Havia sempre um sorriso no rosto, cuja função principal era
encobrir os efeitos das adversidades. Desde moça jovem,
trabalhou e construiu aos poucos o que hoje possui.
D. Feitora, como era conhecida, pelo sobrenome,
habitava uma casa simples, de cinco pequenos cômodos. “É o
suficiente!”, nas palavras dela. Nem pouco, posto que acolhia
tudo aquilo de que ela precisava, nem muito, uma vez que não
sobrava espaço inútil. A casa da rua Canhota, nº 27, tornou-se
conhecida e bastante procurada. Os visitantes chegavam ao
estreito portão de ferro e pressionavam o interfone, ansiosos,
sem reparar no aviso que ficava logo acima de um quinto da
metade do mesmo. O informe constava de uma advertência:
ocupado. Quando o placar estava assim assinalado, o visitante
tinha a opção de aguardar ou voltar depois. E a frente da casa,
desse modo, nunca ficava vazia.
A senhora da qual falamos neste instante não aparentava
a idade que tinha. No último aniversário, comemorou 63 anos.
Sim, estimado(a) leitor(a), havia marcas, não só em seu rosto,
mas também no corpo, da chegada da velhice. Entretanto, podes
crer ou não, a impressão, assim como esta pequena observação,
são minhas, o vai-e-vem do sorriso parecia funcionar como
alongamento facial. E, nesta ginástica, seu semblante foi
favorecido, do mesmo modo que a pele, cuja palidez parece ter
sido conseguida pelo uso constante de protetor solar. Era
franzina; parecia uma fina escultura de vidro. Difícil até para
abraçar.
Mas seus dotes físicos se escondiam em suas atitudes:
gostava de cuidar de si e dos outros. Dos outros quando era
solicitada. E foi dessa maneira que descobriu um singular dom:
podia se comunicar com feijões em busca de soluções para
diversas situações. A quem não agradou a leitura desta última
frase, peço perdão. Prossigamos. Lídia Feitora convidara uma
amiga para almoçar em sua casa.
Marlene estava em grande aflição: engravidara não sabia
de quem, aos dezoito anos recentemente completados, no início
da carreira profissional, registrada há apenas um mês e meio.

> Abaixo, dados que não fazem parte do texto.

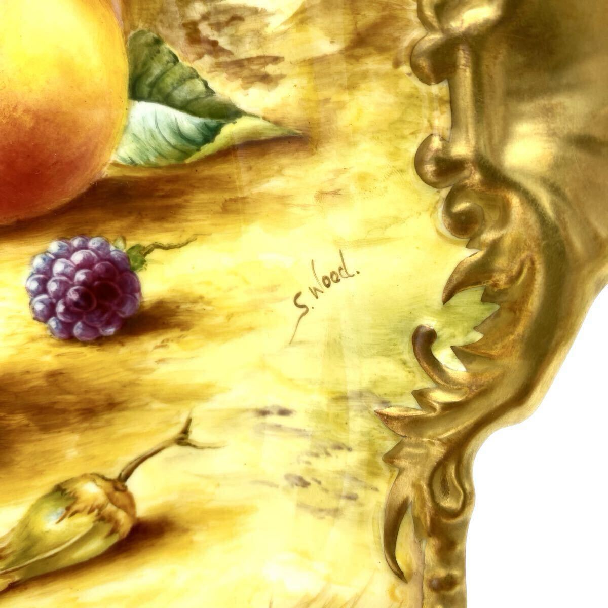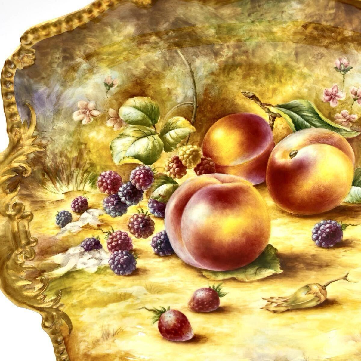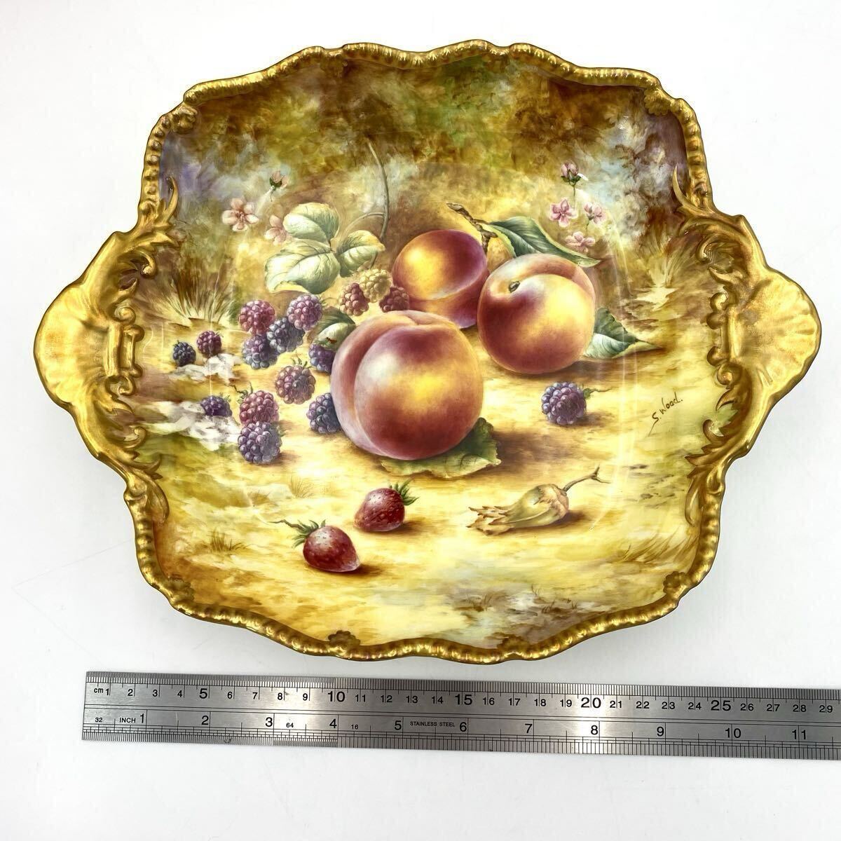 【希少/高級】ROYAL WORCESTER ロイヤルウースター 金彩 ペインテッドフルーツ ハンドペイント プレート 飾皿 イングランド製 スタンド付き 收藏

Tinha uma família humilde e conservadora. Esta última qualidade
era o motivo da lamentação, pois chegava ao extremo. Os pais só
liberaram o namoro aos dezessete anos, mas ela descobrira as
delícias dos encontros aos doze. Ou seja, a gravidez foi uma
pequena catástrofe. Pequena para o pai da criança. Catástrofe
para ela. Sempre prendada e muito ocupada com os estudos, sua
reputação era irrepreensível para a família. Até aquele
momento.
Marlene Costa Brava era a amiga convidada de Lídia para
o almoço. A grávida encontrou em Feitora um porto seguro, uma
pessoa confiável, visto que foi das poucas que não alardeou sua
situação; nem a recriminou por isso. Enquanto almoçavam,
Marlene pediu uma solução para a nova amiga. A resposta
recebida não foi exatamente a que ela precisava ouvir, porém
não chegou a ser uma esquivança. E aqui chegamos ao início da
história de dona Lídia Feitora Silva. Esta ouviu, curiosa, o pedido
da outra; foi este, exatamente: “Você podia tirar minha sorte,
sei lá, lendo alguma coisa, esses feijões que estão no prato”. Elas
se entreolharam. A seriedade das pupilas logo foi substituída por
gargalhadas sinceras. Marlene agradeceu pelo almoço, e pela
conversa, e pela amizade também. Despediu-se e seguiu seu
rumo, enquanto a anfitriã pôs-se a arrumar a casa. A frase de sua
convidada ficou latejando em sua cabeça, mas ela não deu
importância. Engoliu um comprimido de paracetamol e deitou.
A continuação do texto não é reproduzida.